The film did have some flaws though. For one, the narrative was a bit clumsy in parts. That is, tense moments of horror and violence were often followed up with transition scenes that kind of killed the emotion of what just happened. There is also a terrible, terrible, use of a song in this film that just distracted and confused the entire theater. It may have been used to illustrate the mental capacity of Pattinson’s character, but it just seemed way too out of place.

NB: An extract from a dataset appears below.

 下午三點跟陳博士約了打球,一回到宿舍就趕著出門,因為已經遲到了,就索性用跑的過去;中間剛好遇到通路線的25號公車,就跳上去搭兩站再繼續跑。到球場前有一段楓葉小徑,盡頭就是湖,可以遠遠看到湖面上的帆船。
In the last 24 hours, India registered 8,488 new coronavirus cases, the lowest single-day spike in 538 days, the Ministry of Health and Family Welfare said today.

Speaking of Pattinson, holy shit can that kid act. I have never seen a single Twilight film nor do I have any interest i ever seeing, but this kid is special. I remember seeing Cronenberg’s “Cosmopolis” and being teased in what Pattinson could possible achieve later in his career. This film should be his break. If he was given a supporting actor nomination, I wouldn’t bat an eye. He perfected the thousand yard stare. He nailed an almost unintelligible accent. He stole every scene he was in and that was hard when realizing mostly every scene he was in was with Guy Pearce, who in my opinion gave the performance of his career. The both were powerhouses in a film with both power and unrelenting dread. They should be applauded for their work.

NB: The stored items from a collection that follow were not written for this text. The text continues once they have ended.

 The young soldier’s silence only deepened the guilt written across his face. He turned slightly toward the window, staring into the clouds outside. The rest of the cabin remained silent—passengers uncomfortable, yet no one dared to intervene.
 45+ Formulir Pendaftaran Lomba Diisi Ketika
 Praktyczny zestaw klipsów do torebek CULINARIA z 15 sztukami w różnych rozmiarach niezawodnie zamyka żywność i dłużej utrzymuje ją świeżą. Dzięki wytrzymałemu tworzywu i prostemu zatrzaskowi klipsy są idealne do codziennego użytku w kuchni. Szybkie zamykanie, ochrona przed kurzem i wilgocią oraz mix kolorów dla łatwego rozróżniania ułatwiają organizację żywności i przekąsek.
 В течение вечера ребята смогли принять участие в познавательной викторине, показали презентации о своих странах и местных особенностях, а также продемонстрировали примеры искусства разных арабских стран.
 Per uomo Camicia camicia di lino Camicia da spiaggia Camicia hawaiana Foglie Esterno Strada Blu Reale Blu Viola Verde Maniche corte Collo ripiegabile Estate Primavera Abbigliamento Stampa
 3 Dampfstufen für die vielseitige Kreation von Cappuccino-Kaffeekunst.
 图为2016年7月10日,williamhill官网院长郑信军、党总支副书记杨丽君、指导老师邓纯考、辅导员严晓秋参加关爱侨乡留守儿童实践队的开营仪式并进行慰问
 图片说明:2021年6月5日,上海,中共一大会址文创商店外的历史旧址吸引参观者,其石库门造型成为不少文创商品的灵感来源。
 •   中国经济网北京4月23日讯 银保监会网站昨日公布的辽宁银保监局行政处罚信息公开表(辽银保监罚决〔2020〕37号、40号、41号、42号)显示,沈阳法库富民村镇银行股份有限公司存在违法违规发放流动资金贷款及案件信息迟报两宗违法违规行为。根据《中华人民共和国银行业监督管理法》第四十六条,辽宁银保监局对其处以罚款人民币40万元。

David Michôd crafted a beauty of a film. Each shot is crafted so well with full detail that it’s hard to not find the hell that the film was set in beautiful. The rolling hills played like a second character as we are reminded in nearly every shot that there is something bigger than us and that if we are not careful, we will fall. The score, when not being played on the radio by Pattinson, was eerie and dark as the violence carried out. It kept me glued to the screen waiting for what was going to happen next even though I was sure nothing was around the corner. It was an immersing and unflinching watch in where even if you don’t buy into the film, you can still be entertained.

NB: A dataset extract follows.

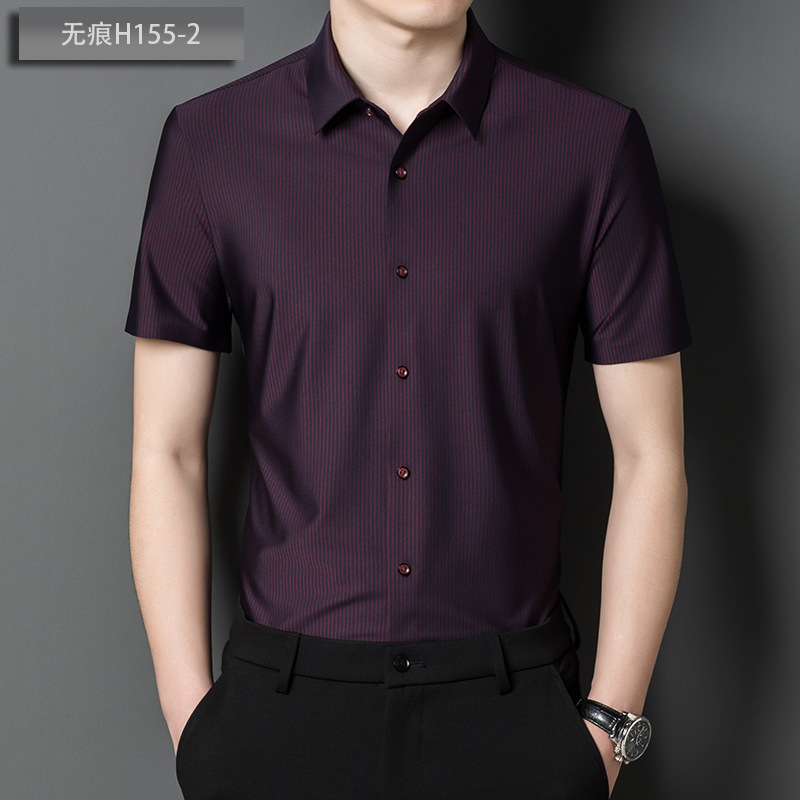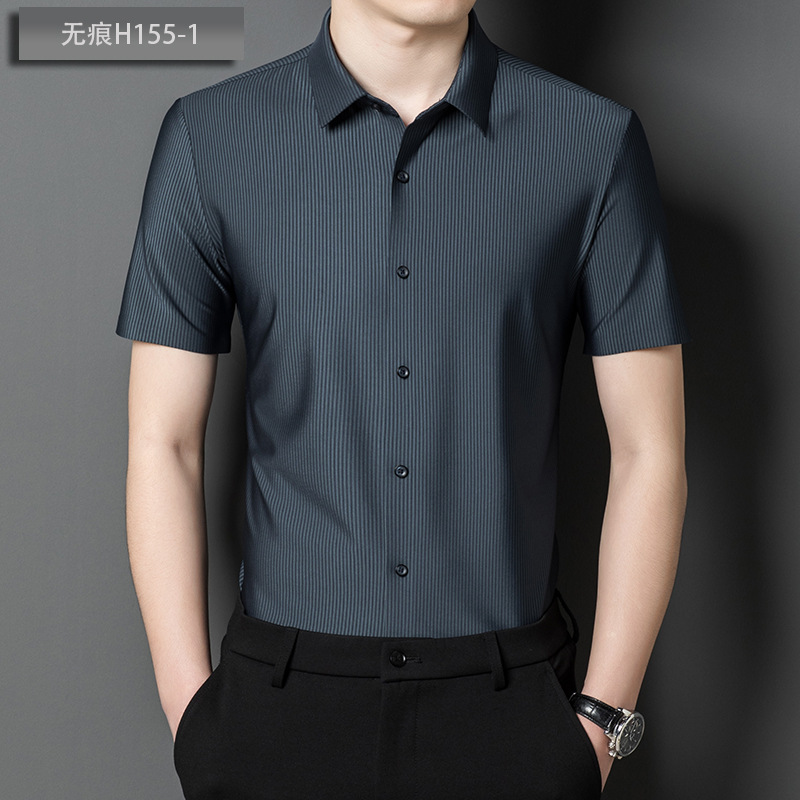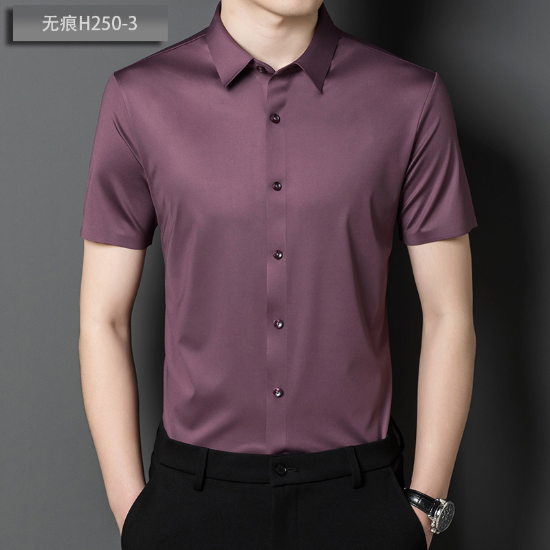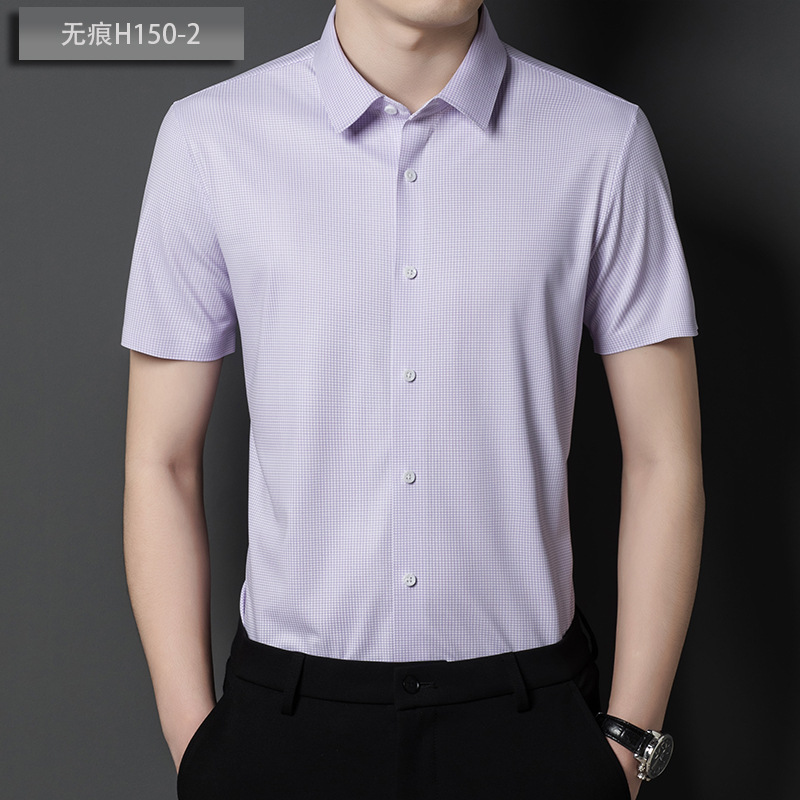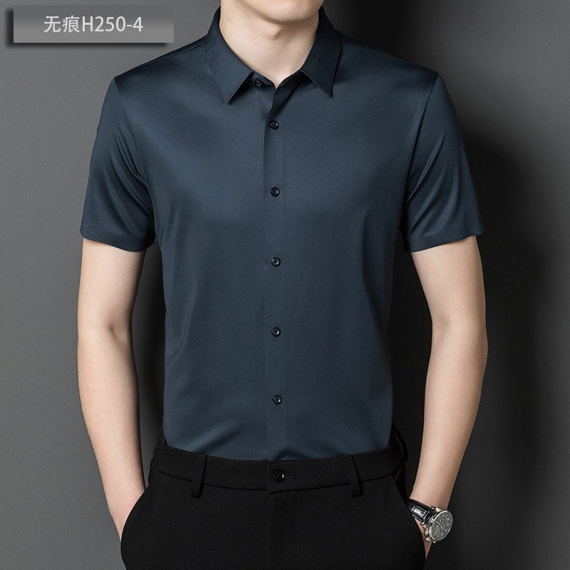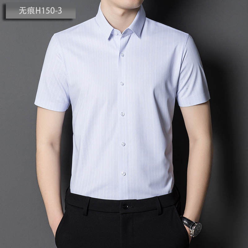 衬衫新款锦氨四面弹白衬衫激光切免烫休闲弹弹衬衣无痕短袖衬衫男

Overall it was a slightly flawed, but nearly brilliant film by David Michôd. The last twenty minutes or so, including that ending, was some of the best film making I’ve seen in a long time. It’s a film that will be talked about and debated on whether it is too pretentious and whether or not it takes itself too seriously. Much like Animal Kingdom, which is slightly the superior film as of now, The Rover requires multiple viewings to fully digest but it’s a wonderful thing when something can get so much use.